Apesar da elegância da linguagem -Batista Jr. é um articulista culto e bem-humorado-, a demonstração
sobre os desacertos do governo FHC não é tão clara, para um leigo, quanto a desmistificação da "era
global". A ligação entre valorização da moeda, déficits nas transações com o exterior, juros internos e
tamanho das reservas cambiais, apenas para citar alguns elementos, precisaria ser mais didática para que
todos os passos do raciocínio fossem compreendidos de modo cristalino. Ainda assim, dois pontos
ressaltam. De uma parte, a destruição de setores inteiros da economia nacional pela combinação,
descuidada segundo o autor, da valorização cambial e da repentina queda de barreiras para produtos
estrangeiros.
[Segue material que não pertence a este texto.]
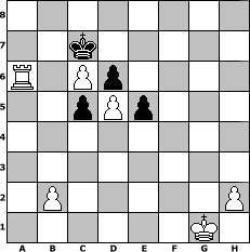 | game notation in PGN-format [Event "BENONI"] [Site "www.myChess.de"] [Date "2005.06.20"] [Round "1"] [White "NoBody"] [Black "Antaeus"] [ECO "A56"] [WhitemyELO "1772"] [BlackmyELO "1674"] [Result "1-0"] [TimeControl "10/864000"] [WhiteDays "10"] [BlackDays "09"] [MyChessNo "14200"] 1. d4 Nf6 2. c4 c5 3. d5 d6 4. Nc3 a6 5. a4 Bg4 6. f3 Bh5 7. e4 e5 8. Nge2 Nbd7 9. Ng3 Qe7 10. Bd3 Qd8 11. O-O g6 12. Nge2 Bg7 13. g4 Nxg4 14. fxg4 Bxg4 15. Qe1 Bh3 16. Rf3 Bg4 17. Rf2 Qh4 18. Ng3 h6 19. Nd1 Bh3 20. Ne3 Bf6 21. Bf1 Bg5 22. Bxh3 Qxh3 23. Ra3 Bh4 24. Ng2 Qg4 25. Nxh4 Qxh4 26. Raf3 Rh7 27. a5 h5 28. Bd2 Qe7 29. Qe3 h4 30. Ne2 Qd8 31. Qb3 Qc7 32. Qa4 Rg7 33. Bg5 Rh7 34. Bf6 Qb8 35. Rh3 b5 36. axb6 Qxb6 37. Nc3 Qb7 38. Rxh4 Rxh4 39. Bxh4 Rb8 40. Qc6 Qxc6 41. dxc6 Nb6 42. Nd5 Nxd5 43. cxd5 f5 44. exf5 gxf5 45. Rxf5 Rb4 46. Rh5 Rxh4 47. Rxh4 Kd8 48. Ra4 Kc7 49. Rxa6 1-0 position notation in FEN-format 8/2k5/R1Pp4/2pPp3/8/8/1P5P/6K1 - - - 0 49 Captured white pieces:                              Captured black pieces:                               Click on a captured piece in order to display the desired move!

De outra, a constante necessidade de dólares com os quais seja possível pagar a conta dos
produtos importados, o que resulta em uma perigosa dependência do país em relação a voláteis capitais
externos.
No contexto da discussão sobre a política econômica do governo, três aspectos mereceriam, a meu ver,
discussão mais detida por parte de Batista Jr. A desvalorização do real em janeiro de 1999, debatida no
livro, mas menos do que se poderia esperar, dada a centralidade da questão para o raciocínio do autor. A
queda dos juros, iniciada neste ano pelo presidente do Banco Central, Armínio Fraga. E as privatizações,
segunda grande marca do governo FHC.
Afora o desejo de ver tais assuntos contemplados de modo mais abrangente, tenho um reparo menor ao
volume. A reunião de textos escritos para distintas finalidades (artigos acadêmicos, apresentações
públicas, textos para jornal) resulta em certa repetição de argumentos, o que poderia ser facilmente
solucionável em uma segunda edição.
Por fim, uma idiossincrasia. Acho que há um uso exagerado hoje no Brasil de um dos autores que Batista
Jr. gosta de citar em seus artigos para a Folha: Nelson Rodrigues (1912-1980), a quem se deve também o
título do livro (o teatrólogo manteve uma coluna chamada "A Vida Como Ela É..."). Minha birra deve ser
despeito de paulista.
No conjunto, "A Economia Como Ela É..." constitui uma amostra útil e importante do pensamento de um
economista de oposição que é referência no debate brasileiro contemporâneo.